Could you retype only the lines from the one containing "Prima edizione della" through the final line of the entries, both included, skipping any images?

################

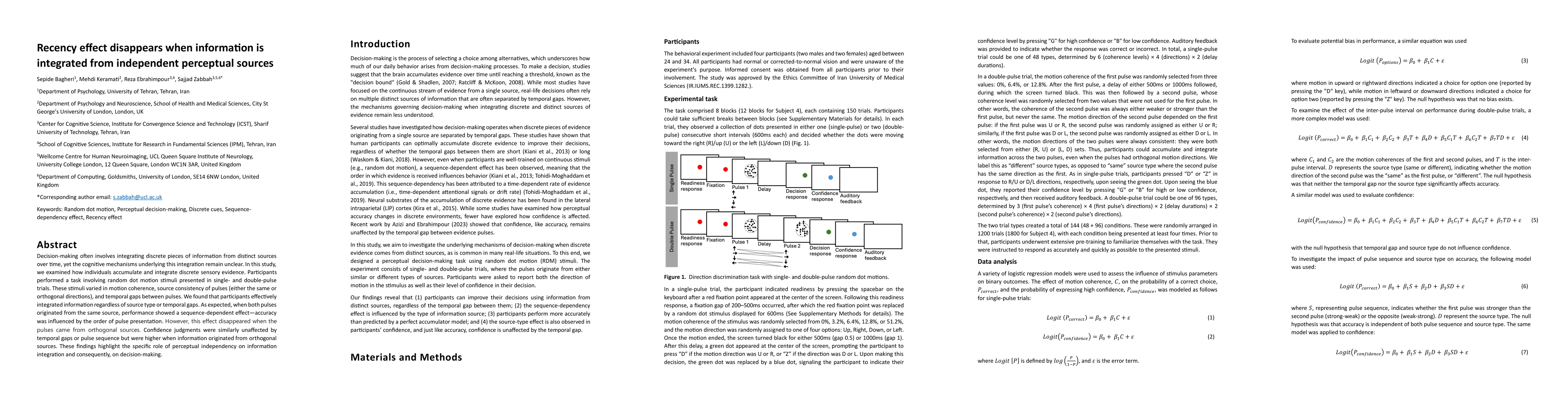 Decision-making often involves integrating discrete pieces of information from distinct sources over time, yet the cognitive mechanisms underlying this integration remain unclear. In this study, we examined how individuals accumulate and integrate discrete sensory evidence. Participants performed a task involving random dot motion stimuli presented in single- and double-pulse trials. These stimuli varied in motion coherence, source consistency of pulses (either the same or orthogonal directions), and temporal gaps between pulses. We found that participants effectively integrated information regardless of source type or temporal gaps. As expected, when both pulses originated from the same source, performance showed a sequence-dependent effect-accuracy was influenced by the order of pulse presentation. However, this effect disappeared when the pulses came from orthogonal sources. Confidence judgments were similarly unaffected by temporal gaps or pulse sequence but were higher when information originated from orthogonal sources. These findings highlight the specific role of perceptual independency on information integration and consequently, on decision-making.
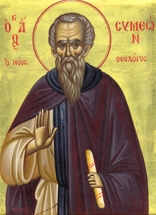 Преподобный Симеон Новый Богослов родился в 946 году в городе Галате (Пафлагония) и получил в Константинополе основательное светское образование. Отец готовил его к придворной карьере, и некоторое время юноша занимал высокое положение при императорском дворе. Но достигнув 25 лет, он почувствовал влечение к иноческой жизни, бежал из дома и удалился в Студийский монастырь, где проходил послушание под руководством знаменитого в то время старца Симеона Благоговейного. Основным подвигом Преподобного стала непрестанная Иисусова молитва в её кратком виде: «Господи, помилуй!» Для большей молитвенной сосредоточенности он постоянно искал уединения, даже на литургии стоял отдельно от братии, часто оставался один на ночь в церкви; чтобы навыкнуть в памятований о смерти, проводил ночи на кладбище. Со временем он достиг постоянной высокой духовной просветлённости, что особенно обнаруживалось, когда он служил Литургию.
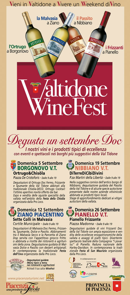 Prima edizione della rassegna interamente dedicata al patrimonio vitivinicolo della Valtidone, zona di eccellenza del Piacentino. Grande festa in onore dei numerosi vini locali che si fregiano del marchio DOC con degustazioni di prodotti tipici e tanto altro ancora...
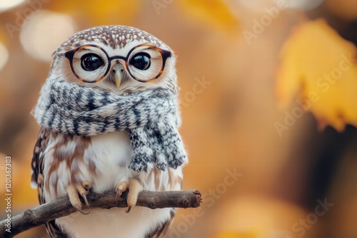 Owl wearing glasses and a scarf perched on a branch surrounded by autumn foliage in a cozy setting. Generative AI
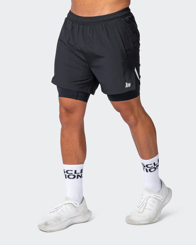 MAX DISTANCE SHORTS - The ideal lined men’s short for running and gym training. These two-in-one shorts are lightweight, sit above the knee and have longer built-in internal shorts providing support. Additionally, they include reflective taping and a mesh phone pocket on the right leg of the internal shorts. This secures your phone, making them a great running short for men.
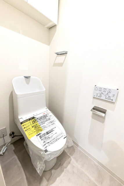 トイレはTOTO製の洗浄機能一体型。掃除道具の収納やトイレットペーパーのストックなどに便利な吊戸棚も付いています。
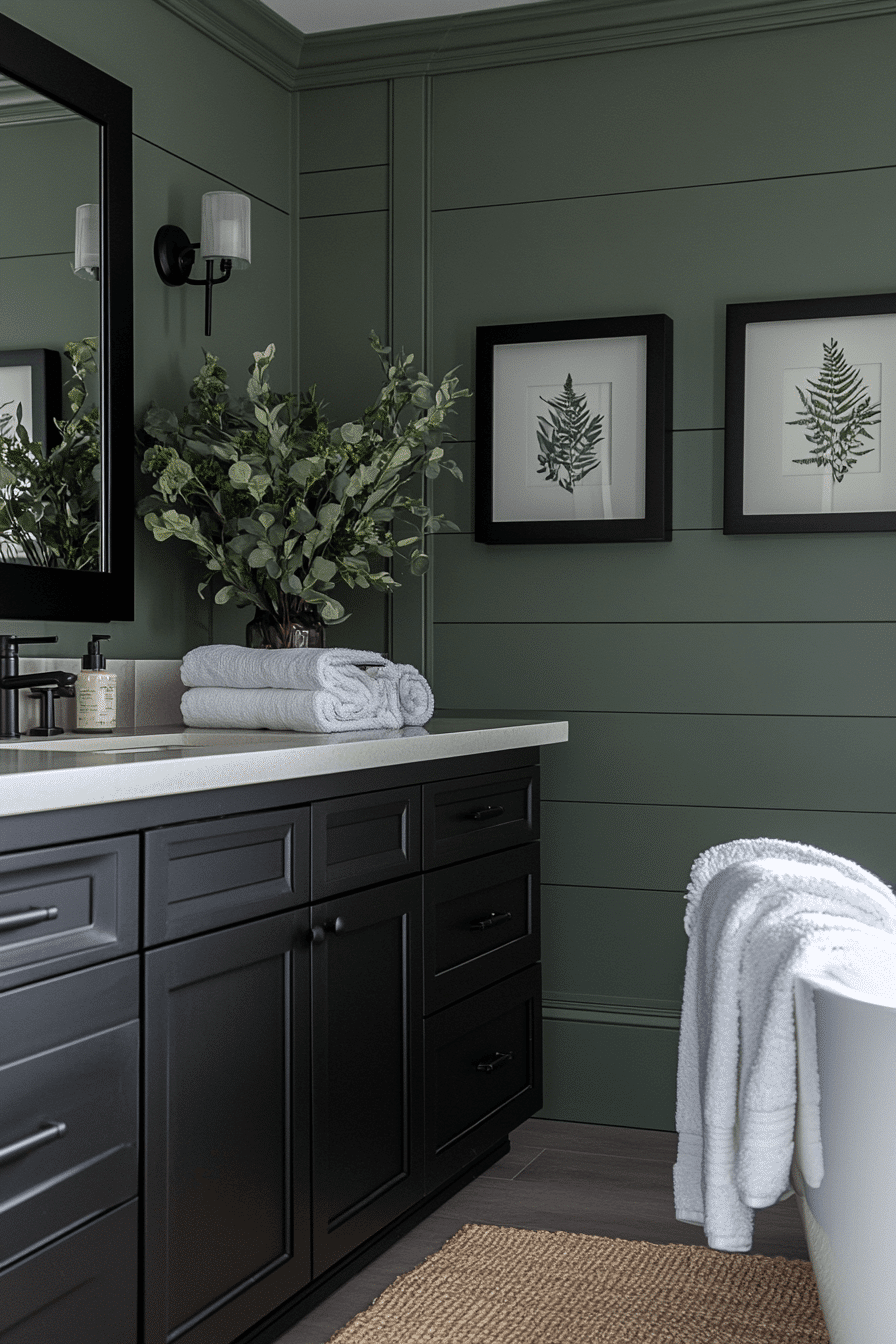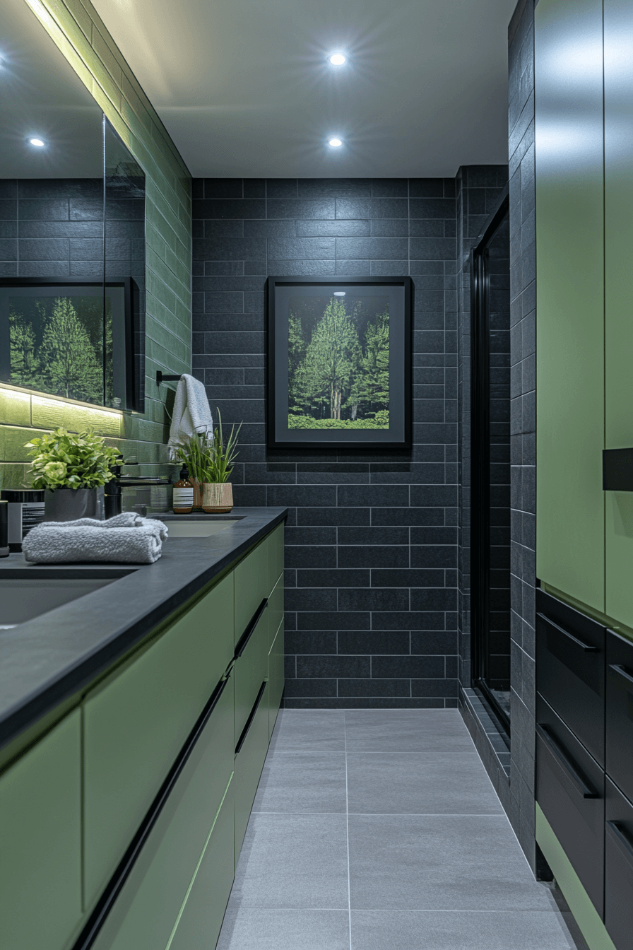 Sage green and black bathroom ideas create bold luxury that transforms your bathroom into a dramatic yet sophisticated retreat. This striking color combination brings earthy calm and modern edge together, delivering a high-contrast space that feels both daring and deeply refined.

################

▸ **COMPLETED TASK**
 Prima edizione della rassegna interamente dedicata al patrimonio vitivinicolo della Valtidone, zona di eccellenza del Piacentino. Grande festa in onore dei numerosi vini locali che si fregiano del marchio DOC con degustazioni di prodotti tipici e tanto altro ancora...
 Owl wearing glasses and a scarf perched on a branch surrounded by autumn foliage in a cozy setting. Generative AI
 MAX DISTANCE SHORTS - The ideal lined men’s short for running and gym training. These two-in-one shorts are lightweight, sit above the knee and have longer built-in internal shorts providing support. Additionally, they include reflective taping and a mesh phone pocket on the right leg of the internal shorts. This secures your phone, making them a great running short for men.
 トイレはTOTO製の洗浄機能一体型。掃除道具の収納やトイレットペーパーのストックなどに便利な吊戸棚も付いています。
 Sage green and black bathroom ideas create bold luxury that transforms your bathroom into a dramatic yet sophisticated retreat. This striking color combination brings earthy calm and modern edge together, delivering a high-contrast space that feels both daring and deeply refined.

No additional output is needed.